Information supplied
****************************************

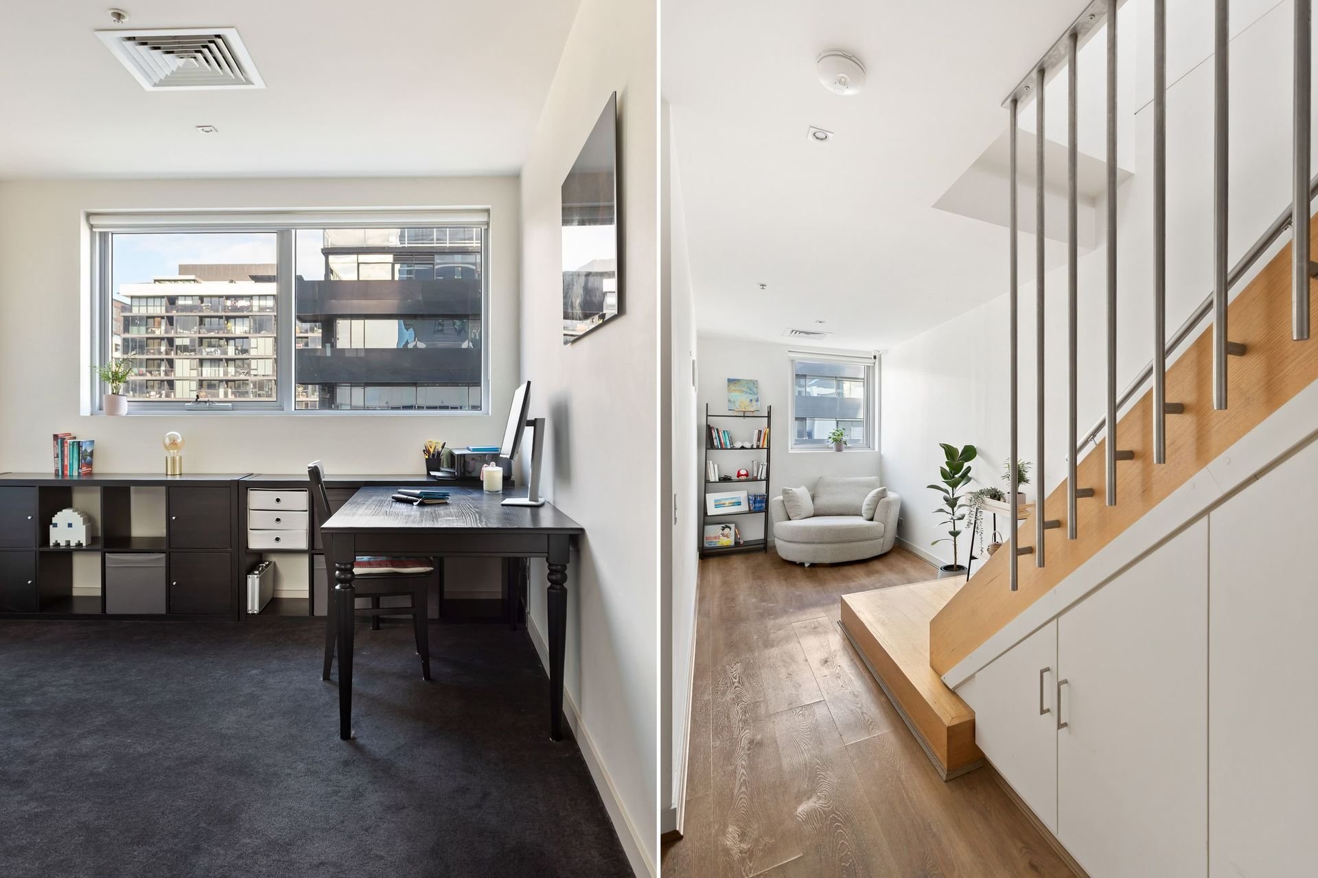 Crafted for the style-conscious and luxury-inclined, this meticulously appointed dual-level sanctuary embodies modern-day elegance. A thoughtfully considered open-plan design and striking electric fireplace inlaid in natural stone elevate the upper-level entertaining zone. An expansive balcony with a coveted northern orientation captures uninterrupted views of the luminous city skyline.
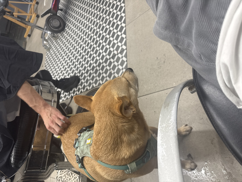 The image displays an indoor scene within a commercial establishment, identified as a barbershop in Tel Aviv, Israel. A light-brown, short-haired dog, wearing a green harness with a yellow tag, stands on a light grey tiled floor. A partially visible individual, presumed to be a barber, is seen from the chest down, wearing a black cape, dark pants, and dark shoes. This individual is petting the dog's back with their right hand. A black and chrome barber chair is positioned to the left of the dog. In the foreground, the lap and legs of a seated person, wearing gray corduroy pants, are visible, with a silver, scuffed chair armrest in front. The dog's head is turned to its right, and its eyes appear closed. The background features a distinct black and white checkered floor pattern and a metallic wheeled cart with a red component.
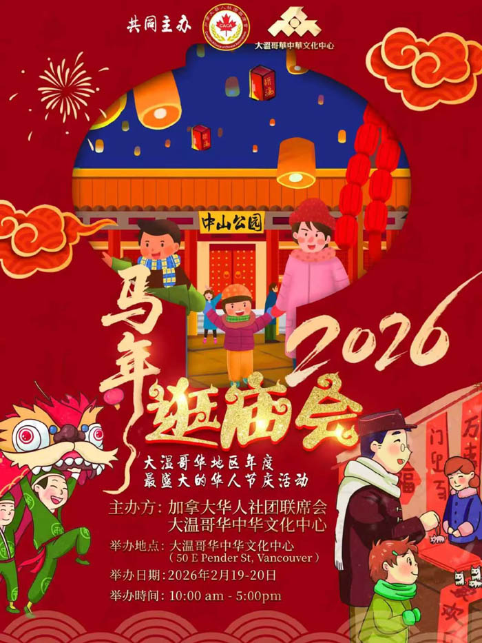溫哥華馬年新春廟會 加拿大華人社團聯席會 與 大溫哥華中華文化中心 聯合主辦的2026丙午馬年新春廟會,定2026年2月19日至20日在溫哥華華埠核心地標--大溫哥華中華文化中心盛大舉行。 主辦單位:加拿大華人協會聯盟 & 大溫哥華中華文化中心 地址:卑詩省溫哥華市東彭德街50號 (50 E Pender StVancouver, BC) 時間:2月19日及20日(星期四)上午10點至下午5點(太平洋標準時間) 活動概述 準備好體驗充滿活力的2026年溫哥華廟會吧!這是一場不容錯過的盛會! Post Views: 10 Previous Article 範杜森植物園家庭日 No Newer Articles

****************************************

Work task
Apart from the images, every line above is to be given again exactly.

Result of this exercise
 Crafted for the style-conscious and luxury-inclined, this meticulously appointed dual-level sanctuary embodies modern-day elegance. A thoughtfully considered open-plan design and striking electric fireplace inlaid in natural stone elevate the upper-level entertaining zone. An expansive balcony with a coveted northern orientation captures uninterrupted views of the luminous city skyline.
 The image displays an indoor scene within a commercial establishment, identified as a barbershop in Tel Aviv, Israel. A light-brown, short-haired dog, wearing a green harness with a yellow tag, stands on a light grey tiled floor. A partially visible individual, presumed to be a barber, is seen from the chest down, wearing a black cape, dark pants, and dark shoes. This individual is petting the dog's back with their right hand. A black and chrome barber chair is positioned to the left of the dog. In the foreground, the lap and legs of a seated person, wearing gray corduroy pants, are visible, with a silver, scuffed chair armrest in front. The dog's head is turned to its right, and its eyes appear closed. The background features a distinct black and white checkered floor pattern and a metallic wheeled cart with a red component.
溫哥華馬年新春廟會 加拿大華人社團聯席會 與 大溫哥華中華文化中心 聯合主辦的2026丙午馬年新春廟會,定2026年2月19日至20日在溫哥華華埠核心地標--大溫哥華中華文化中心盛大舉行。 主辦單位:加拿大華人協會聯盟 & 大溫哥華中華文化中心 地址:卑詩省溫哥華市東彭德街50號 (50 E Pender StVancouver, BC) 時間:2月19日及20日(星期四)上午10點至下午5點(太平洋標準時間) 活動概述 準備好體驗充滿活力的2026年溫哥華廟會吧!這是一場不容錯過的盛會! Post Views: 10 Previous Article 範杜森植物園家庭日 No Newer Articles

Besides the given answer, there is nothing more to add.